When re-enabling subscriptions that were previously active as part of a new handshake, also remove them from the set of sent requests that have not yet been acknowledged, and that will get resent when the new connection is established; otherwise duplicate subscription requests can be sent.

The RE used to match clientId strings in the response channels of subscription requests in the queue was insufficient. It needs also to match 'X' as well as hexadecimal characters. 

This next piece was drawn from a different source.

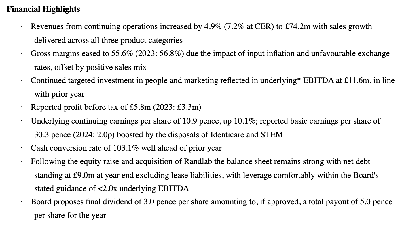 Disposal of Identicare for 17x EBITDA, delivering £25m to the Group. Exited STEM JV at c.2x of original investment. Mentioned Randlab bought for 60£m (11x EBITDA). 2% dividend. 70% of revenues from own IPs or from long-term license agreements. 30% from distribution. Rationalised portfolio from 300 to 150 brands.

Include /meta/subscribe along with /meta/reconnect in case this reconnect is happening after a successful handshake but failed /meta/connect.
Comment 10 SVN Bot 2010-10-28 12:51:53 UTC
 == Auto-comment from SVN commit #9464 to the network repo by agrundman ==
 == http://svn.slimdevices.com/network?view=revision&revision=9464 ==

Bug 16617, handle the case where a /meta/reconnect comes in without an existing /meta/subscribe having been setup
Comment 11 SVN Bot 2010-10-29 06:42:59 UTC
 == Auto-comment from SVN commit #9470 to the network repo by agrundman ==
 == http://svn.slimdevices.com/network?view=revision&revision=9470 ==

Bug 16617, workaround for bad /slim/subscribe packet issue
Comment 12 Mickey Gee 2010-11-02 10:40:39 UTC
*** Bug 16645 has been marked as a duplicate of this bug. ***
Comment 13 SVN Bot 2010-11-03 02:04:09 UTC
 == Auto-comment from SVN commit #9209 to the jive repo by ayoung ==
 == http://svn.slimdevices.com/jive?view=revision&revision=9209 ==

Fixed bug 16617: Controller (SqueezePlay) may never reconnect fully to MySB.com after connection loss 

Fix incorrect use of self.state (should be oldstate) in setEndpoint(). Not actually provoking a bug at present because the only call to setEndpoint() is bracketed by disconnect()/connect() calls.

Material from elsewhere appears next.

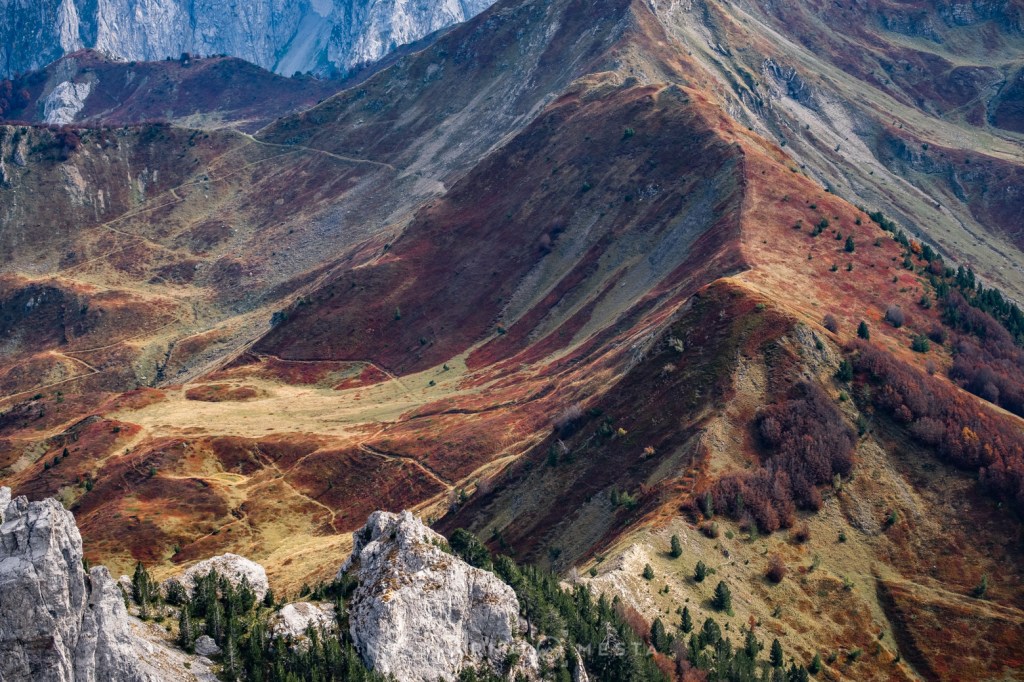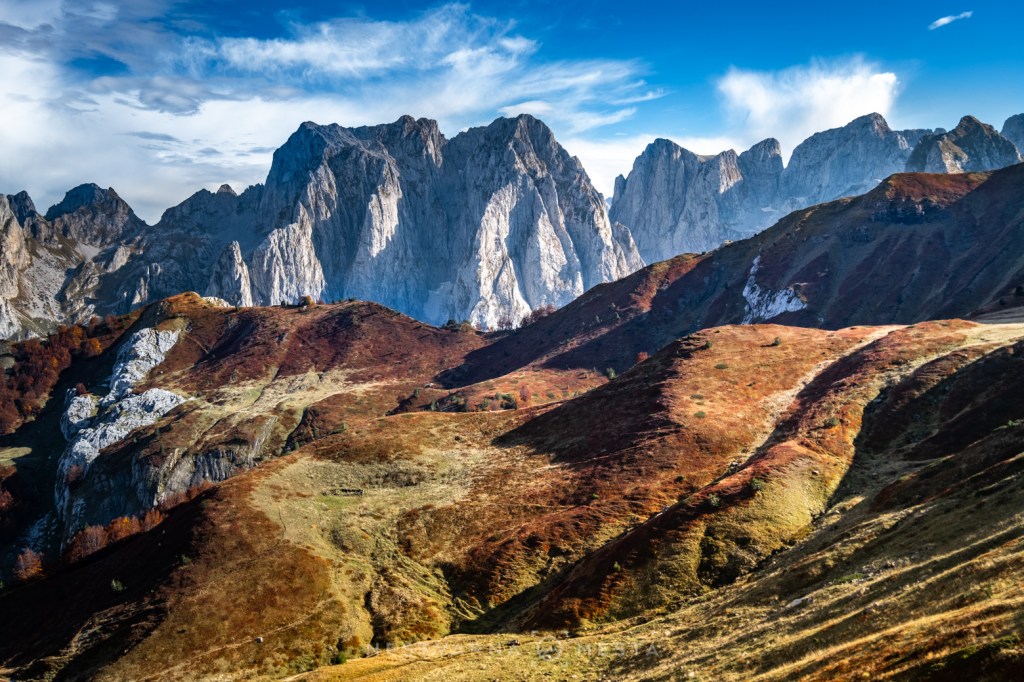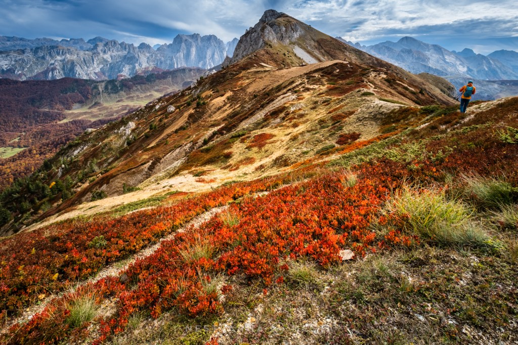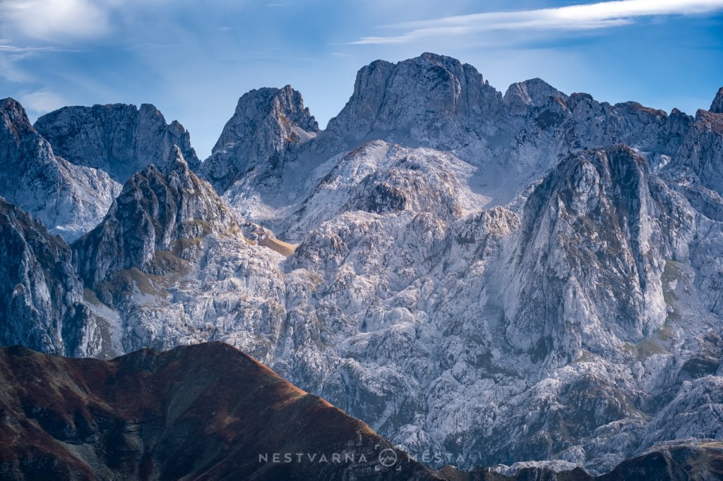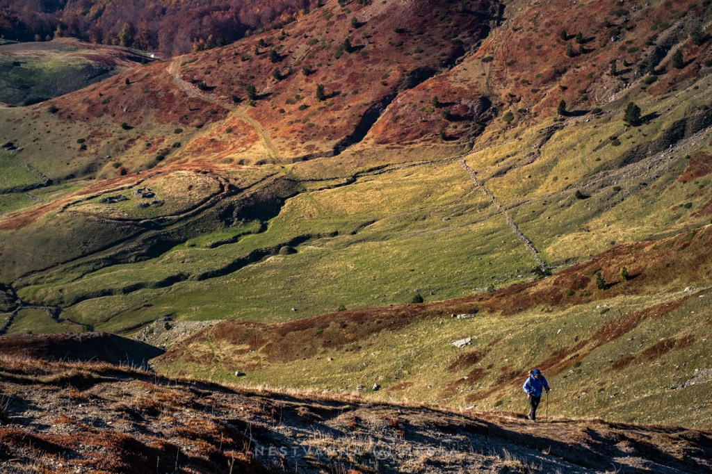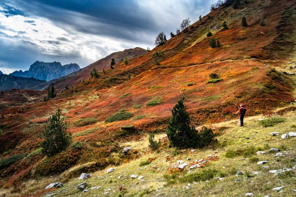 Jesen je čarobna ali izuzetno kratko traje – pogotovo u predelima iznad 1500m nadmorske visine. Da je trenutak pravi, saznao sam i od našeg turno ski “ambasadora” u Plavu – Esada Redžematovića. Zahvaljujući Esu i njegovoj Golf mašini, to jutro preskačemo inicijalni uspon i startujemo visoko – od porušene karaule u cirku Popadije, sa značajnih 1700m. Umesto monotonog linearnog uspona ka vrhu Trojana (kroz Trojanska vrata) plan je da odmah dohvatimo granični greben, na kome ćemo provesti veći deo dana.

Server may send reconnection advice of reconnect=none under certain error conditions. This causes Comet.lua to enter UNCONNECTED state and not attempt a retry, but SlimServer.lua will assume that it is CONNECTING state (retrying). In order for it to be possible to escape from this situation, in the case that whatever provoked the reconnect=none was actually a transient condition, we allow a new request to force a reconnection attempt.

When re-enabling subscriptions that were previously active as part of a new handshake, also remove them from the set of sent requests that have not yet been acknowledged, and that will get resent when the new connection is established; otherwise duplicate subscription requests can be sent.

The RE used to match clientId strings in the response channels of subscription requests in the queue was insufficient. It needs also to match 'X' as well as hexadecimal characters. 

Include /meta/subscribe along with /meta/reconnect in case this reconnect is happening after a successful handshake but failed /meta/connect.
Comment 14 Alan Young 2010-11-17 23:02:33 UTC
*** Bug 16645 has been marked as a duplicate of this bug. ***
Comment 15 Bradley D. Wall 2011-05-06 15:21:24 UTC
Update?
Comment 16 Bradley D. Wall 2011-05-11 16:07:17 UTC
Not seeing messages in server log 7.6.0 32398.  Going to close.